▸ **What is needed**:
Restate the whole listing below word for word and keep the images out.

▸ **Provided data**:
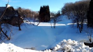朝は10cmくらい雪が積もっていましたが、日中は晴れていたので散歩に行ってきました。
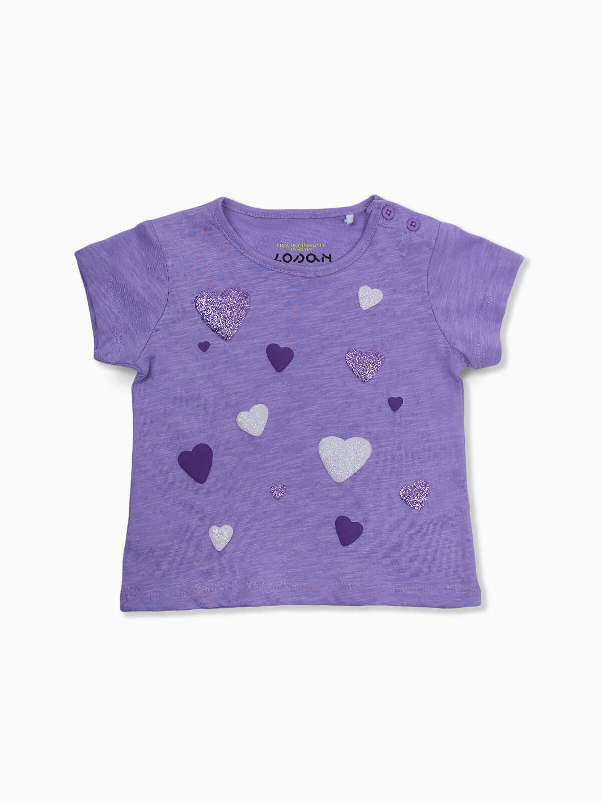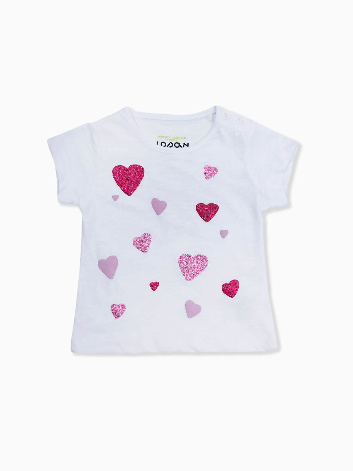 T-shirt de manga curta com corações em glitter para efeito brilhante. T-shirt para bebé menina com decote redondo e aperto de dois botões.
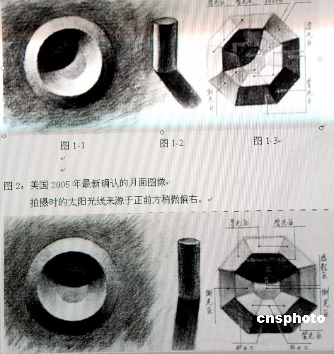 | 2007年12月6日,海南在京的一位畫家從光學(xué)角度找到中美兩“月亮”鮮明差別。中國嫦娥首幅月球圖像抄襲美國的傳言,在網(wǎng)上一度鬧得沸沸揚(yáng)揚(yáng),海南省畫家、超常創(chuàng)意專家于廣勝在北京,反復(fù)對(duì)照中美兩圖琢磨研究,從光學(xué)角度發(fā)現(xiàn)兩幅圖象有著“更加鮮明的差別”,6日早晨他發(fā)現(xiàn)兩幅圖像是在不同的光源下拍攝的,從另一側(cè)面有力證明了我國嫦娥傳回圖像的真實(shí)性。于廣勝說,這一證據(jù)是普通大眾不易發(fā)現(xiàn)的,但通過他所手繪的幾幅圖,即可讓普通大眾一目了然。同時(shí),凡是對(duì)光學(xué)有所研究或通曉繪畫用光、攝影和攝像用光的人們,自然明白其理。為了便于廣大讀者理解,他把地球上的環(huán)形山簡(jiǎn)化為內(nèi)凹外凸的圓臺(tái)(圖1-1、2-1),以顯現(xiàn)不同光線來源下的不同光影效果;由此,又進(jìn)一步簡(jiǎn)化為內(nèi)凹外凸八棱臺(tái)(圖1-3、2-3)并標(biāo)注了光線的來源和受光、測(cè)光、背光區(qū)域;同時(shí),又畫了一個(gè)圓柱體(1-2、2-2)以顯現(xiàn)不同光照角度下的不同投影方向。通過兩組手繪圖,中國與美國公布的兩張圖像在拍攝時(shí),太陽光照射月球角度明顯不同,至少左右相差42度左右。中國拍攝時(shí)的太陽光線來源于左前方,而美國拍攝時(shí)的太陽光線來源于正前方稍微偏右。于廣勝說,稍有電腦平面制作、攝影和攝像后期制作知識(shí)的人們都明白,圖片與圖片的任意組合拼接是輕而易舉的,但要想把圖片中各個(gè)圖像所有細(xì)節(jié)的光影全部改變是不可能的,“由此可見,我國嫦娥傳回的圖像其真實(shí)性是不容質(zhì)疑了!毕嚓P(guān)鏈接:12月2日,中國探月工程首席科學(xué)家、中國科學(xué)院院士歐陽自遠(yuǎn)做客上!拔膮R講堂”,對(duì)關(guān)于“嫦娥首幅月球圖像抄襲美國”的傳言作出澄清:“嫦娥傳回的圖像確實(shí)是真實(shí)的,是經(jīng)過非常復(fù)雜的拍攝、傳輸、接收、處理過程后得到的,并且與美國所拍的圖像有細(xì)微差別”。我國嫦娥一號(hào)衛(wèi)星所攝的月面圖像上,某個(gè)地方有兩個(gè)小坑,而美國2005年最新確認(rèn)的月面圖像上,同樣的地方只有一個(gè)小坑。中新社發(fā) 善平 攝
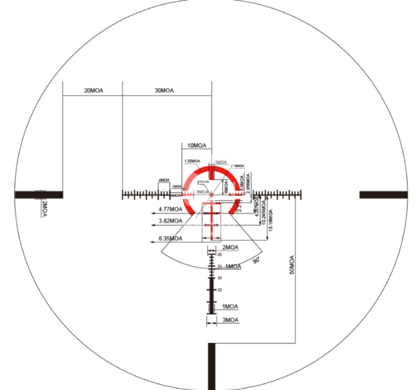 – Niezawodna regulacja nasadki 1/2 MOA, 40 MOA na rundę, całkowity skok 120 MOA

▸ **Answer area**:
朝は10cmくらい雪が積もっていましたが、日中は晴れていたので散歩に行ってきました。
 T-shirt de manga curta com corações em glitter para efeito brilhante. T-shirt para bebé menina com decote redondo e aperto de dois botões.
 | 2007年12月6日,海南在京的一位畫家從光學(xué)角度找到中美兩“月亮”鮮明差別。中國嫦娥首幅月球圖像抄襲美國的傳言,在網(wǎng)上一度鬧得沸沸揚(yáng)揚(yáng),海南省畫家、超常創(chuàng)意專家于廣勝在北京,反復(fù)對(duì)照中美兩圖琢磨研究,從光學(xué)角度發(fā)現(xiàn)兩幅圖象有著“更加鮮明的差別”,6日早晨他發(fā)現(xiàn)兩幅圖像是在不同的光源下拍攝的,從另一側(cè)面有力證明了我國嫦娥傳回圖像的真實(shí)性。于廣勝說,這一證據(jù)是普通大眾不易發(fā)現(xiàn)的,但通過他所手繪的幾幅圖,即可讓普通大眾一目了然。同時(shí),凡是對(duì)光學(xué)有所研究或通曉繪畫用光、攝影和攝像用光的人們,自然明白其理。為了便于廣大讀者理解,他把地球上的環(huán)形山簡(jiǎn)化為內(nèi)凹外凸的圓臺(tái)(圖1-1、2-1),以顯現(xiàn)不同光線來源下的不同光影效果;由此,又進(jìn)一步簡(jiǎn)化為內(nèi)凹外凸八棱臺(tái)(圖1-3、2-3)并標(biāo)注了光線的來源和受光、測(cè)光、背光區(qū)域;同時(shí),又畫了一個(gè)圓柱體(1-2、2-2)以顯現(xiàn)不同光照角度下的不同投影方向。通過兩組手繪圖,中國與美國公布的兩張圖像在拍攝時(shí),太陽光照射月球角度明顯不同,至少左右相差42度左右。中國拍攝時(shí)的太陽光線來源于左前方,而美國拍攝時(shí)的太陽光線來源于正前方稍微偏右。于廣勝說,稍有電腦平面制作、攝影和攝像后期制作知識(shí)的人們都明白,圖片與圖片的任意組合拼接是輕而易舉的,但要想把圖片中各個(gè)圖像所有細(xì)節(jié)的光影全部改變是不可能的,“由此可見,我國嫦娥傳回的圖像其真實(shí)性是不容質(zhì)疑了!毕嚓P(guān)鏈接:12月2日,中國探月工程首席科學(xué)家、中國科學(xué)院院士歐陽自遠(yuǎn)做客上!拔膮R講堂”,對(duì)關(guān)于“嫦娥首幅月球圖像抄襲美國”的傳言作出澄清:“嫦娥傳回的圖像確實(shí)是真實(shí)的,是經(jīng)過非常復(fù)雜的拍攝、傳輸、接收、處理過程后得到的,并且與美國所拍的圖像有細(xì)微差別”。我國嫦娥一號(hào)衛(wèi)星所攝的月面圖像上,某個(gè)地方有兩個(gè)小坑,而美國2005年最新確認(rèn)的月面圖像上,同樣的地方只有一個(gè)小坑。中新社發(fā) 善平 攝
 – Niezawodna regulacja nasadki 1/2 MOA, 40 MOA na rundę, całkowity skok 120 MOA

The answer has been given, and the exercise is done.